Korean J Physiol Pharmacol 2022; 26(6): 415-425

Published online November 1, 2022

Copyright © Korean J Physiol Pharmacol.

Myricetin prevents sleep deprivation-induced cognitive impairment and neuroinflammation in rat brain via regulation of brain-derived neurotropic factor

Bongjun Sur1 and Bombi Lee1,2,*

1Acupuncture and Meridian Science Research Center, Kyung Hee University, 2Center for Converging Humanities, Kyung Hee University, Seoul 02447, Korea

Correspondence to:Bombi Lee

Author contributions: B.S. participated in animal experiments including behavioral tests, and performed most experiments, data analysis. B.L. wrote the draft of the paper, revised the manuscript, and directed the study, contributed to the discussion, edited and approved the manuscript. All authors read and approved the final manuscript.
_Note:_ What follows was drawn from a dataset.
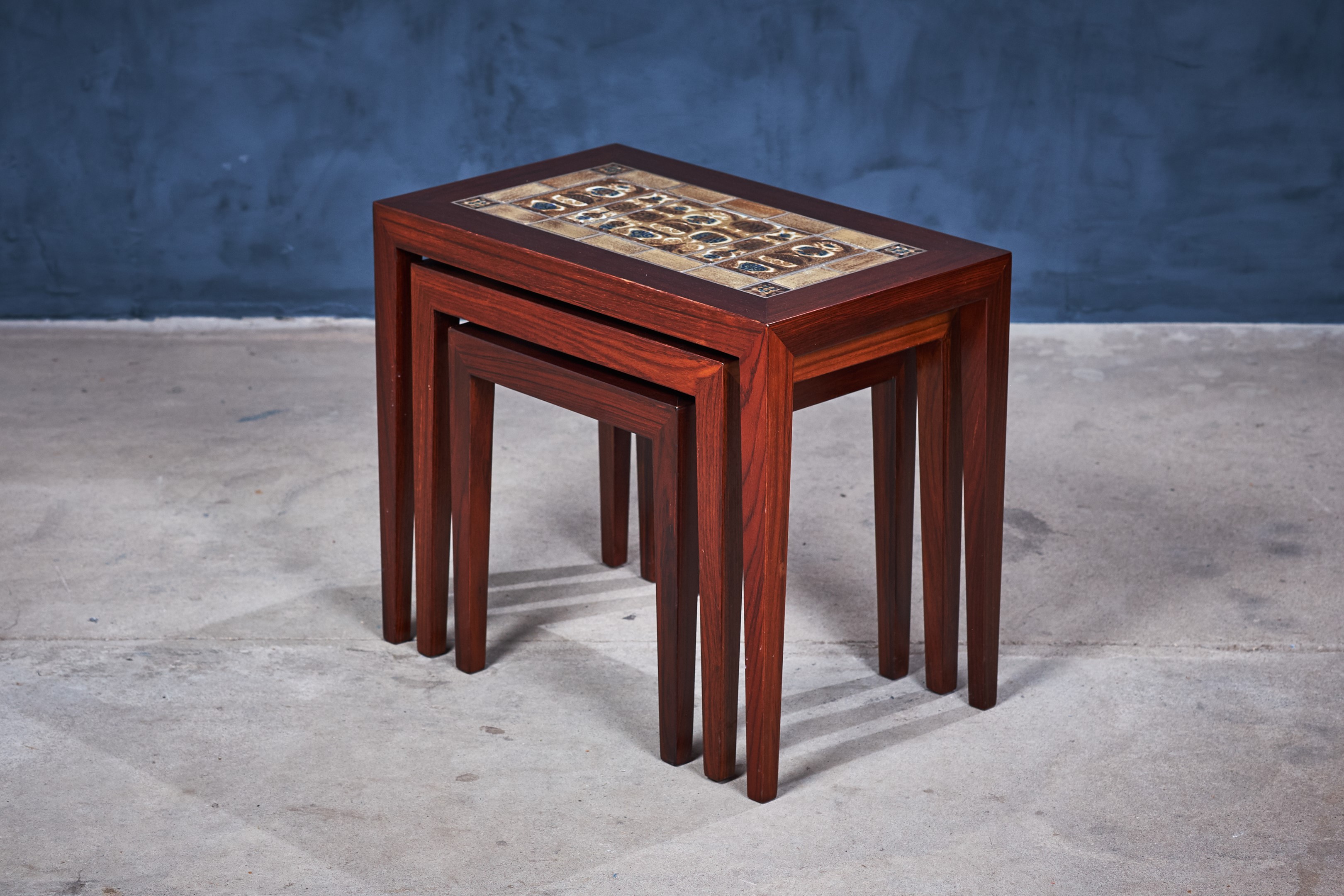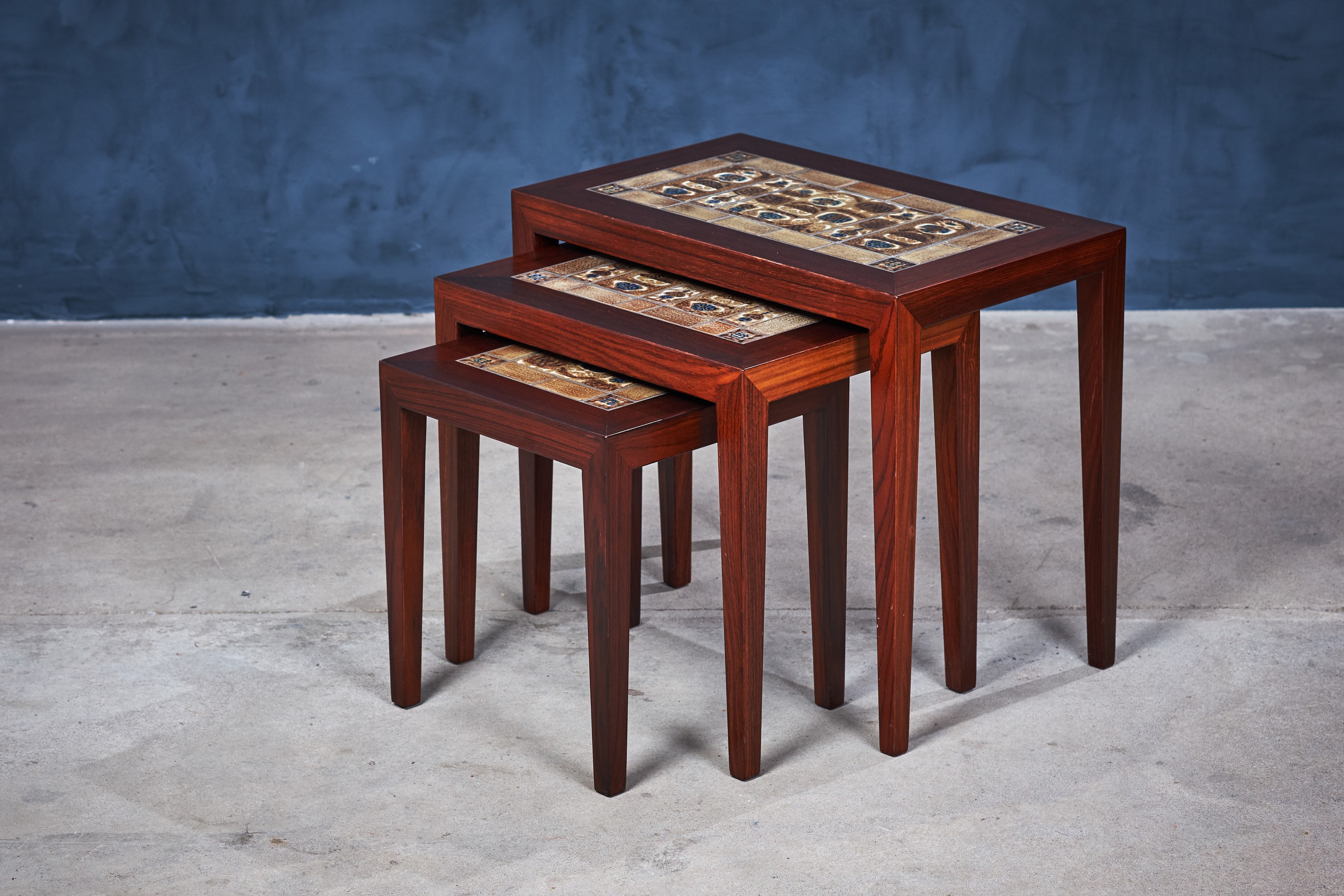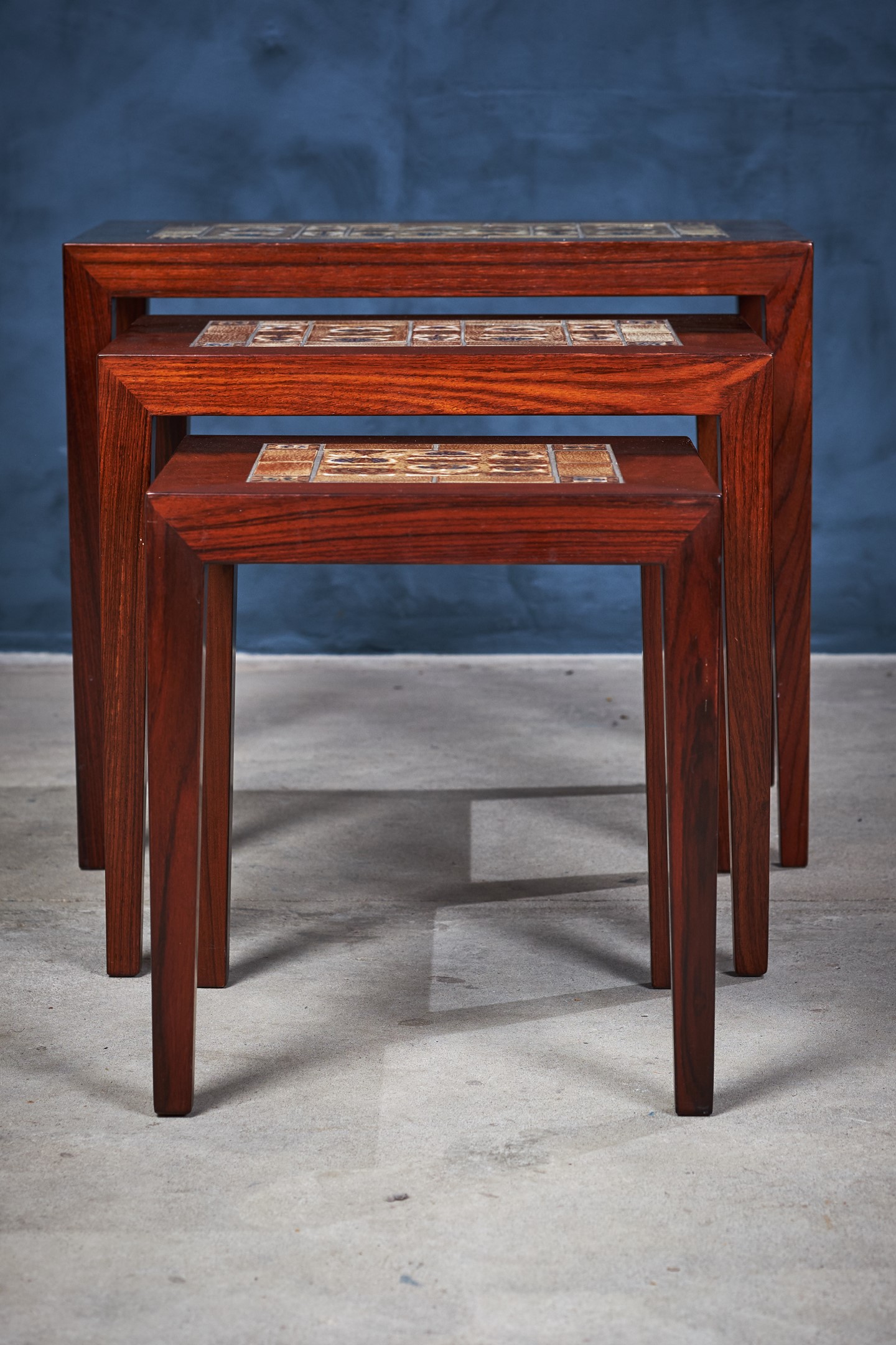 Rosewood Nesting Tables with Tile Tops by Severin Hansen for Haslev Møbelsnedkeri, 1950s

Received: October 7, 2021; Revised: September 15, 2022; Accepted: September 15, 2022

This is an Open Access article distributed under the terms of the Creative Commons Attribution Non-Commercial License, which permits unrestricted non-commercial use, distribution, and reproduction in any medium, provided the original work is properly cited.


Memory formation in the hippocampus is formed and maintained by circadian clock genes during sleep. Sleep deprivation (SD) can lead to memory impairment and neuroinflammation, and there remains no effective pharmacological treatment for these effects. Myricetin (MYR) is a common natural flavonoid that has various pharmacological activities. In this study, we investigated the effects of MYR on memory impairment, neuroinflammation, and neurotrophic factors in sleep-deprived rats. We analyzed SD-induced cognitive and spatial memory, as well as pro-inflammatory cytokine levels during SD. SD model rats were intraperitoneally injected with 10 and 20 mg/kg/day MYR for 14 days. MYR administration significantly ameliorated SD-induced cognitive and spatial memory deficits; it also attenuated the SD-induced inflammatory response associated with nuclear factor kappa B activation in the hippocampus. In addition, MYR enhanced the mRNA expression of brain-derived neurotropic factor (BDNF) in the hippocampus. Our results showed that MYR improved memory impairment by means of anti-inflammatory activity and appropriate regulation of BDNF expression. Our findings suggest that MYR is a potential functional ingredient that protects cognitive function from SD.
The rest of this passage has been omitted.